For Wikipedia, “true” is now synonymous with “left wing,” as a bombshell new report from the Media Research Center reveals. Will Google and other search sites adjust for that bias?
The slant is unquestionable: Wikipedia maintains a blacklist compendium of sources that page writers and editors are allowed to cite — and guess which will get you in trouble?
Outfits like the Daily Caller, the Federalist, the Washington Free Beacon, Fox News and even The Post.
Notice a theme?
It’s certainly not the reason Wikipedia claims, i.e., that these sites are especially unreliable.
Quite the contrary.
The Post’s 100% correct Hunter Biden reporting was tagged as disinformation by Big Tech and its allies in an effort to help Joe Biden win the election.
The Free Beacon delivers scoop after scoop, all fully backed up by documents, on government malfeasance and lefty insanity.
No — it’s that its journalism cuts against preferred lefty narratives and embarrasses progressives in positions of corporate and governmental power.
For proof, look at the sites that get the green light from Wikipedia.
The New York Times, a chief organ of actual disinformation on everything from Joe Biden’s glaring senility to COVID risks.
Vox, another lefty disinfo bomb (and font of general stupidity: Remember the infamous bridge its reporter Zack Beauchamp hallucinated between Gaza and the West Bank?).
Jacobin, for Pete’s sake — an outfit only slightly less extreme than al Qaeda’s in-house publication Inspire.
Indeed, Wikipedia refuses its stamp of approval to 100% of right-leaning media sources versus only 16% of left-leaning ones.

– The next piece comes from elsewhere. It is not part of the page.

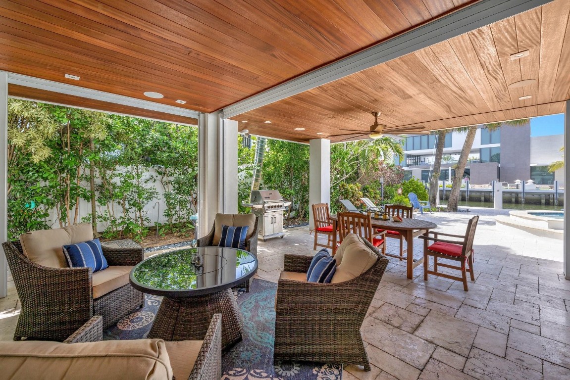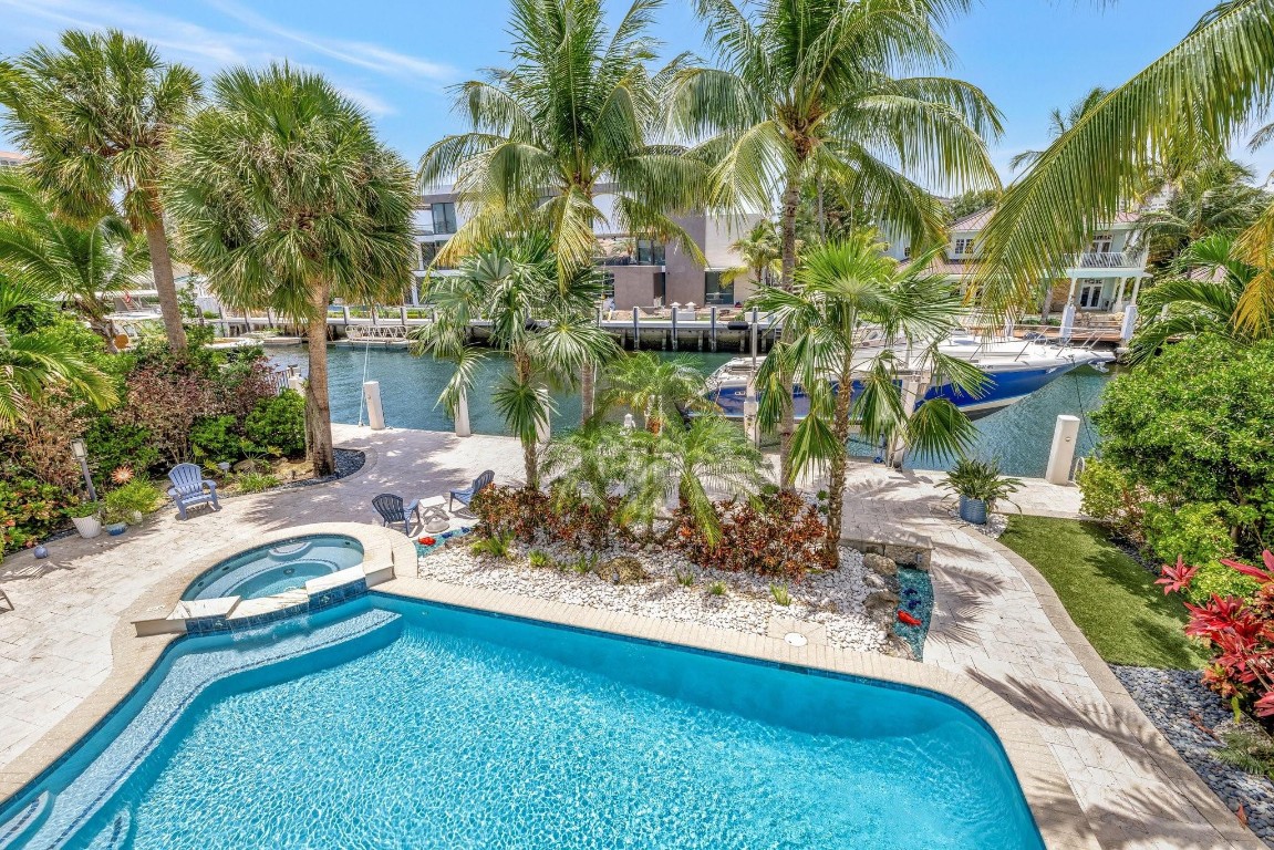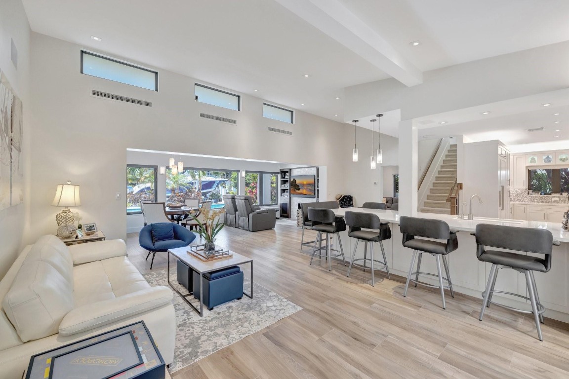 Located in the prestigious, guard-gated Seven Isles with 24/7 security patrol, this fully remodeled (2018) 4BD/4.5BA waterfront home offers 76 feet on a wide canal with a boat lift, ocean access, and no fixed bridges. With 3,766 sq ft of living space, it features two expansive primary suites—one up, one down—ideal for guests or multigenerational living. Enjoy a resort-style pool, spa, lush subtropical landscaping, whole-house generator, and chef’s kitchen. Close to the beach and Las Olas from this prime Fort Lauderdale location. Designed for both elegance and function, the open floor plan is ideal for entertaining, with light-filled living spaces that flow effortlessly to the outdoors. Minutes from world-class shopping, dining, this home is the complete South Florida lifestyle package.

Recall too that ultra-left NPR CEO Katherine Maher served as the head of Wikipedia’s parent foundation from 2016 to 2021 — and that she has called the First Amendment her “number one challenge” to fighting “disinformation.”
The source blacklist has zero to do with accuracy and everything to do with shutting down any journalist who doesn’t bend the knee to the left.
And stifling any discourse not approved by progressive would-be overlords in biz and government and the NGO sector.
In other words, Wikipedia is engaged in an actual disinformation op.
Other information-space players have a duty to face this fact, or be complicit: Notably, Wikipedia is routinely a top result in Google information searches.
Whether they blacklist Wiki or simply flag its blatant bias, Big Tech firms need to prove their commitment to open discourse is more than just cosmetic.